When we sleep, it’s believed that certain synapses—those that are no longer important—are weakened or destroyed in order to make room for increases that occur during learning. This way, the irrelevant material that can otherwise interfere with learning is removed.
It’s been shown that even short periods of sleep or wakefulness alter your synaptic activity at multiple levels and can make synapses shrink (when sleeping) or grow (when awake and learning).
In one study, researchers examined synaptic connections in mice while sleeping and after being awake in order to see these changes. They found that the synapses of the mice decreased when the mice had slept, which equates to a decline in the number of synaptic connections. Furthermore, rather than being a uniform decline, the downscaling centered on small spines, sparing the larger ones that the researchers suspect were involved in learning.
Another study further proved this hypothesis, finding that sleep is associated with a decline in the size of dendritic spines, which are small protrusions on a nerve cell that receive information and then transfer it to the neuron’s cell body—this shows that during sleep irrelevant sections of the spines are removed, decreasing their size.
As for how this downscaling occurs, researchers have gained some insight. Specifically, they have discovered that the number of AMPA receptors is reduced during sleep.
AMPA receptors are found in brain cells and allow for information to be shared from cell to cell, making them a critical component of our brain’s function. The researchers found that AMPA receptors are removed from shrunken spines thanks to a protein called Homer1a, which is active while we’re sleeping. When AMPA receptors are removed, the synapses shrink and weaken, which is how irrelevant information is “forgotten” during sleep, making room for more learning the next day.
Ultimately, the synaptic homeostasis hypothesis offers insight into why the phrase “sleep on it” holds so much merit; while sleeping, your brain removes irrelevant connections, allowing the important ones to shine through so you can think more clearly. Furthermore, this hypothesis shows that sleep restores the energy, supplies, and extracellular space that are used up during the day, restoring cognition, vigilance, and learning. In this way, sleep balances out what occurs during the day, allowing the cycle to repeat as more information is learned.
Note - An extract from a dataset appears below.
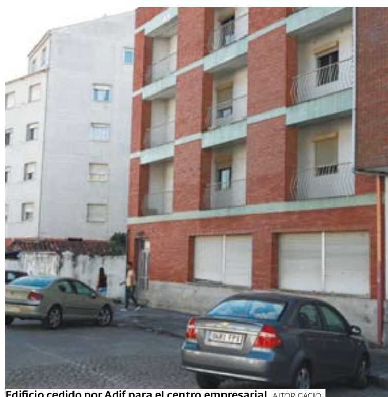
Edificio cedido por Adif para el centro empresarial. AITOR GACIO

The Role of Slow-Wave Sleep
Some researchers hypothesize that synaptic downscaling occurs during slow-wave sleep, in particular. Also known as deep sleep, this third stage in the sleep cycle is associated with slow-wave brain activity, hence the name.
The hypothesis is that synaptic potentiation is tied to the regulation of slow-wave activity, which is why slow-wave activity is then associated with synaptic downscaling.
This hypothesis may offer insight into why deep sleep is so beneficial—during this time, your brain is removing unnecessary connections to make room for more learning the next day.
Sleep Tips to Let Your Brain Balance
If the synaptic hypothesis is right, the time that you spend asleep is crucial for balancing your brain connections and setting yourself up for success the next day—only by removing irrelevant connections can you make room for new and stronger connections.
Try out these tips to get a good night of sleep with plenty of deep sleep:
- Keep it regular. A schedule is key for your sleep, so be sure to go to bed at the same time each night and wake up at the same time each morning.
- Avoid caffeine before bed. Caffeine works against sleepiness and can make it hard to fall asleep.
- Set the stage. Ensure your bedroom is dark, cool, and quiet so that you don’t have any distractions waking you up.
- Relax. It can be hard to sleep when you’re stressed, so try some relaxing activities such as reading or taking a warm bath before going to bed.
Sleep is a crucial time for balancing brain connections and removing irrelevant connections. If you struggle to fall and stay asleep, consider reaching out to a doctor for guidance—your brain will thank you.